When I first went vegan I was already regularly making granola, and eating it atop my store-purchased vegan yogurty goodness.  So, two days ago I borrowed a yogurt maker (I hear you can use a crock pot as well.  However, that takes a good attention span.   …I do not have a good attention span.) and gave it a go.
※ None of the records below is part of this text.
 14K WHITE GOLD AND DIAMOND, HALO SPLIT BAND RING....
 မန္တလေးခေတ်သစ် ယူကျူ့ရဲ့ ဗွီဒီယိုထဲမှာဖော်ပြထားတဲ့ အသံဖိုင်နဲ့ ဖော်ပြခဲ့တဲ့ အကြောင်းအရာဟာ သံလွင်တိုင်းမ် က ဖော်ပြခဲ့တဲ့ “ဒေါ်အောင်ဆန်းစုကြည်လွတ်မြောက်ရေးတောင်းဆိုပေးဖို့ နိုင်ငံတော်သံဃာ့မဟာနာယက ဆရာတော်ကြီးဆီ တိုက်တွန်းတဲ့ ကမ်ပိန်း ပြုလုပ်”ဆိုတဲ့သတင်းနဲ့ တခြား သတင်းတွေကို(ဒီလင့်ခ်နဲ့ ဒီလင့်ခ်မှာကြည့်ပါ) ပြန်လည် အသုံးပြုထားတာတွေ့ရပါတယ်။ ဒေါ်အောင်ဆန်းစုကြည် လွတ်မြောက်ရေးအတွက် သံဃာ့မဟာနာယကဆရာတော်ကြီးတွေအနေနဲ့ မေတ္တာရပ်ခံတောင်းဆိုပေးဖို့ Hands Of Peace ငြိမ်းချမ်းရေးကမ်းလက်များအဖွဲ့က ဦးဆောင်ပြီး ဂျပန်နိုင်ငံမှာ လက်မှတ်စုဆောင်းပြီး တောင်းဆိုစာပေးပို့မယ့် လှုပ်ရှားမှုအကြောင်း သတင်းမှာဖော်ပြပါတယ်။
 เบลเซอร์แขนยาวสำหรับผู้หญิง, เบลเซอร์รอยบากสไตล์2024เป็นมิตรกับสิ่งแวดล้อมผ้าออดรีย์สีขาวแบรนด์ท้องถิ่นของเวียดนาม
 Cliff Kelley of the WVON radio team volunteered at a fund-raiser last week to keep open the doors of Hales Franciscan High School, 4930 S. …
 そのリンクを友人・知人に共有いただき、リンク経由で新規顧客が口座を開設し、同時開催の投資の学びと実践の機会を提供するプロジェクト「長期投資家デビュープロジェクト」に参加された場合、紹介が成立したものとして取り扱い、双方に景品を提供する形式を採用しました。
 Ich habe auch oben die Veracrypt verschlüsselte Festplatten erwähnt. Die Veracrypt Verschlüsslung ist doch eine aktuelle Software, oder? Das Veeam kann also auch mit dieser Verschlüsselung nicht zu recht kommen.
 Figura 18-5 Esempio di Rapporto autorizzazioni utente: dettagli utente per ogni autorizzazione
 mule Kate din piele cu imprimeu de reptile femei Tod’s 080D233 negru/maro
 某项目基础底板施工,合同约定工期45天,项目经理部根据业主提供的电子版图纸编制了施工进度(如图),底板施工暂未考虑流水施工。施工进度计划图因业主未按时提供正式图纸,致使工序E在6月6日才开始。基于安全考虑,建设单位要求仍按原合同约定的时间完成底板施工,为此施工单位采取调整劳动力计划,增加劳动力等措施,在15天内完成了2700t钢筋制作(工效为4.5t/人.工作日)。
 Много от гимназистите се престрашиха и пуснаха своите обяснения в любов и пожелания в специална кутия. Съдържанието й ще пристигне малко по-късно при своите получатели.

Some yogurt makers are relatively inexpensive (you can grab one for $20 or so).  If you REALLY like yogurt, I REALLY recommend you make the investment.  Otherwise, look up the other kooky-attention-requiring methods that my ADD prevents me from even thinking about trying.  However, I MAY try to adjust a recipe.  Check back for updates on that one.   My one real complaint about the yogurt maker is that it really only holds 6 cups of liquid.  After Greekifying the yogurt, that ends up being about 2 cups.

Alas, the recipe:

Needs: plate, long metal spoon, a pot that can hold over 6 cups of liquid, a blender (I use an immersion blender), measuring cup (I use a 4 cup glass pyrex measuring cup but a one cup measuring cup will do),  teaspoon measuring spoon, candy/frying thermometer, yogurt maker


  • 6 cups plain Soy Milk (hereafter referred to as smilk) (Divided in half.  One to half to heat one to add later)
  • Room temperature 1/2 cup of plain yogurt with active cultures (I used So Delicious Plain Coconut Milk Yogurt from Health Plus)
  • 1 Tablespoon of agar agar flakes (or 1 teaspoon of agar agar powder)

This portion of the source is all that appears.